> PROVIDED RECORDS:
####

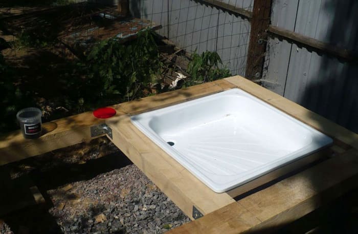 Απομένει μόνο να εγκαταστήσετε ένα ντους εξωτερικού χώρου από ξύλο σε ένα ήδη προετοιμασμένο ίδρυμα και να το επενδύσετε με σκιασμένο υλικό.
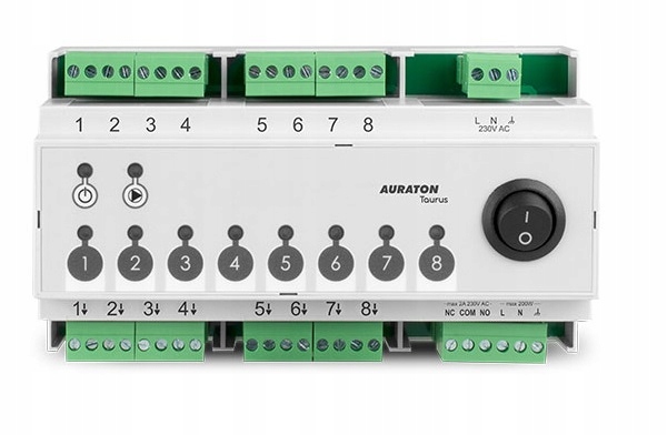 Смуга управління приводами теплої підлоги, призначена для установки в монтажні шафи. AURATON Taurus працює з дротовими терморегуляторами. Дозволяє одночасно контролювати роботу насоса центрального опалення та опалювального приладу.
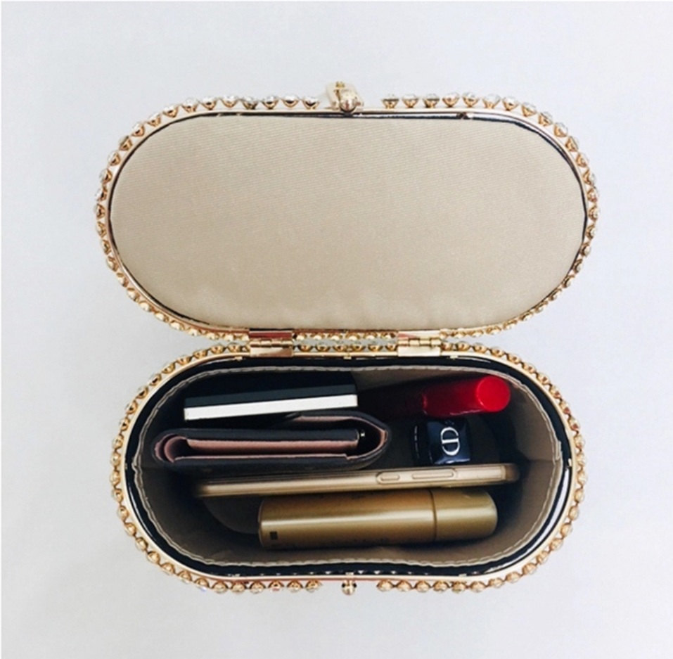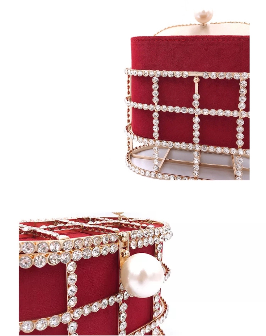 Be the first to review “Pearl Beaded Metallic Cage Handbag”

####

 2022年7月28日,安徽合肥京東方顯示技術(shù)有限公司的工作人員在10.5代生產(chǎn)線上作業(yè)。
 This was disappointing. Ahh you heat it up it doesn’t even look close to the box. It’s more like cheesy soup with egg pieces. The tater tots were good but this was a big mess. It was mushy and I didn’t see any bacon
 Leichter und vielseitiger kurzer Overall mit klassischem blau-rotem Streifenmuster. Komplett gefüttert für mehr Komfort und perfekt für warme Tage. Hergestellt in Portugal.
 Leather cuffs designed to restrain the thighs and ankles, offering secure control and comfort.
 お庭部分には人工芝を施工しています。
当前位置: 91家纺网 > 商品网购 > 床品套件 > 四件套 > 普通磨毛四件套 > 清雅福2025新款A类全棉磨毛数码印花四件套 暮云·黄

####

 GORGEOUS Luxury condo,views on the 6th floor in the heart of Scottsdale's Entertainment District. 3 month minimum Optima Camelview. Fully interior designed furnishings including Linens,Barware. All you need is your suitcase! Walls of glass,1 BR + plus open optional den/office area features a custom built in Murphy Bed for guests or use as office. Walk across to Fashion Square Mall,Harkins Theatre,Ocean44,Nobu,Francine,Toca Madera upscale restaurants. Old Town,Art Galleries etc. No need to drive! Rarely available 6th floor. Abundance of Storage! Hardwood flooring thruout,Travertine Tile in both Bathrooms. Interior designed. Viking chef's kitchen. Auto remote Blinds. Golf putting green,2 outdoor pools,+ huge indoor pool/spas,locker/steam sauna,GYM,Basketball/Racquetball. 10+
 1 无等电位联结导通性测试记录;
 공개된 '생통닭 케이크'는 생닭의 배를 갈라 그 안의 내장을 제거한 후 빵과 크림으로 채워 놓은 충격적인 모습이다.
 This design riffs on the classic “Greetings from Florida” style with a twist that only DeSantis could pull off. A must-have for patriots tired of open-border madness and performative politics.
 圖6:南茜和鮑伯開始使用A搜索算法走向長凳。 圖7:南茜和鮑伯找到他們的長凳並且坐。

####

> DESCRIPTION OF THE TASK:
Using the listing above, list every line in which the string "This" occurs.

> EXERCISE SOLUTION:
 This was disappointing. Ahh you heat it up it doesn’t even look close to the box. It’s more like cheesy soup with egg pieces. The tater tots were good but this was a big mess. It was mushy and I didn’t see any bacon
 This design riffs on the classic “Greetings from Florida” style with a twist that only DeSantis could pull off. A must-have for patriots tired of open-border madness and performative politics.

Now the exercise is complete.